Albert Lohier

Il fut prêtre, marin et poète sous le pseudonyme de Côtis-Capel. Né à Urville (canton de Beaumont-Hague dans la Manche) le 21 janvier 1915 dans une modeste famille de pêcheurs, il échappa à la destinée ordinaire qui aurait dû être la sienne en partie grâce à son institutrice Mme Beauchamp. C’est elle qui, bien que laïque non pratiquante, informe le curé de la paroisse du désir de devenir prêtre qu’avait exprimé son élève dans un devoir.

C’est ainsi que le jeune Albert Lohier se retrouva au petit séminaire de Biville puis rapidement à l’Institut Saint-Paul de Cherbourg qu’il quittera en 1934, sa « philo » terminée, pour accomplir son service militaire dans la Marine Nationale. Après sa mobilisation à Toulon en 1939, il rejoint le séminaire pour être ordonné le 29 juin 1942. Il est nommé vicaire à Notre-Dame du Roule de Cherbourg. Il s’occupe d’œuvres sociales et organise, avec l’abbé Lebas, le foyer du 24 rue du Château destiné particulièrement à l’accueil des requis de l’Organisation Todt.

Il découvre la Mission de la Mer qui va le rapprocher de ses origines et lui permettre de fréquenter les patrons-pêcheurs et marins du port.

Avec le Comité Cherbourgeois d’Action sociale Maritime, il organise les grandes fêtes de la mer des 12-13 et 14 juillet 1952 auxquelles participera le cardinal Roncalli, nonce du Pape, et futur Jean XXIII.

Il sera à cette époque l’instigateur de nombreux projets et réalisations par l’intermédiaire du Secrétariat social de la rue Tour Carrée (école de pêche, criée au poisson, rénovations urbaines…).

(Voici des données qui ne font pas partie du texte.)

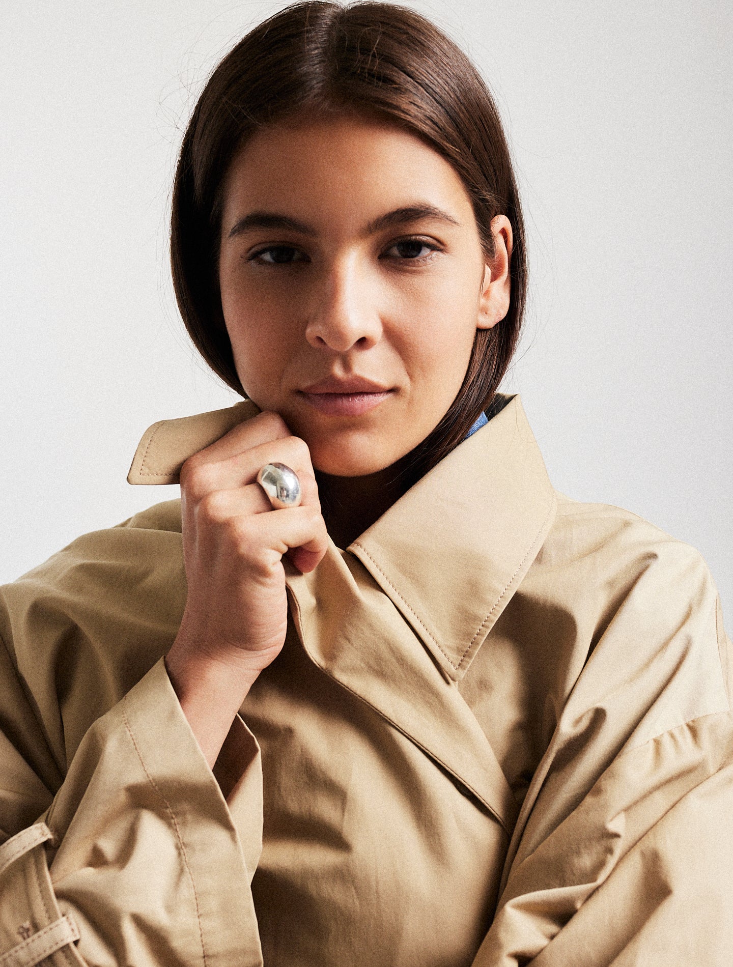 As for the new trench coats, we can say that Gaby is a great option from a footprint and sustainability point of view: for the weaving and manufacturing of the Gaby material we have chosen responsible and high-quality materials, we have carried out very thorough traceability of each step, favored partners using less energy-intensive and low-pollution methods, and created a design that we will love for several years.

Mais le grand événement qui vient bouleverser sa vie et marquera son œuvre c’est, grâce à l’autorisation de Mgr Guyot, évêque de Coutances, son embarquement sur le chalutier « Va » (puis sur le « Mimi et Charlot » et sur la « Nativité ») qui le plonge dans le monde de la pêche, celui auquel il était destiné de par ses origines.

Malheureusement en 1960 l’autorité pontificale met fin à l’expérience des « prêtres-ouvriers » et Albert doit mettre son sac à terre, subissant une des plus douloureuses épreuves de son existence.

Il pourra néanmoins rebondir quelques temps après, et retrouver le milieu de la pêche grâce à la création de la coopérative de matériel de pêche « Socopêche » qu’il gérera durant vingt ans jusqu’à sa retraite.

Le poète Côtis Capel

Très attaché à la langue de ses origines, il créera et animera de nombreuses associations de défense et de mise en valeur des langues régionales et du normand en particulier.

Son œuvre littéraire en est la plus brillante manifestation.

Travaillant aux côtés des pêcheurs comme prêtre ouvrier, il écrit dans sa langue maternelle une œuvre magistrale imprégnée de cette expérience. Œuvre forte où se côtoient un lyrisme inspiré par le mythe fondateur de l’univers marin et une méditation sur la condition humaine, œuvre inégalée tant par l’authenticité de son inspiration que par la densité de son écriture.

siteinter023Il empruntera une partie de son pseudonyme à son hameau d’origine : située dans le hameau Capel (prononcer Capelle), la maison parentale est juchée à flanc de « côtis » (on appelle ainsi un coteau descendant vers la mer). C’est pourquoi les Lohier portent l’ « avernoum » (le surnom) dans le pays de « côtis ». On dit pour les distinguer des autres les « Lohyis-Côtis » et Albert se trouve donc être un « petit Côtis », « eun petit Côtis du hammé Capel » d’où plus tard son nom d’écrivain.

L’un de ses premiers poèmes, écrit en 1938, évoque les « Vuules falaises dé Gréville » (les vieilles falaises de Gréville), qu’avait peintes en son temps Jean-François Millet. Ce poème sera publié dans un premier recueil « Rocâles« . Suivrons au fil des ans les parutions de « À Gravage« , « Raz-Bannes« , « Graund Câté » et « Les Côtis« . Enfin « Ganache, lé vuus pêqueus« , récit en prose, paraîtra quelques mois après sa mort survenue à Cherbourg le 30 octobre 1986.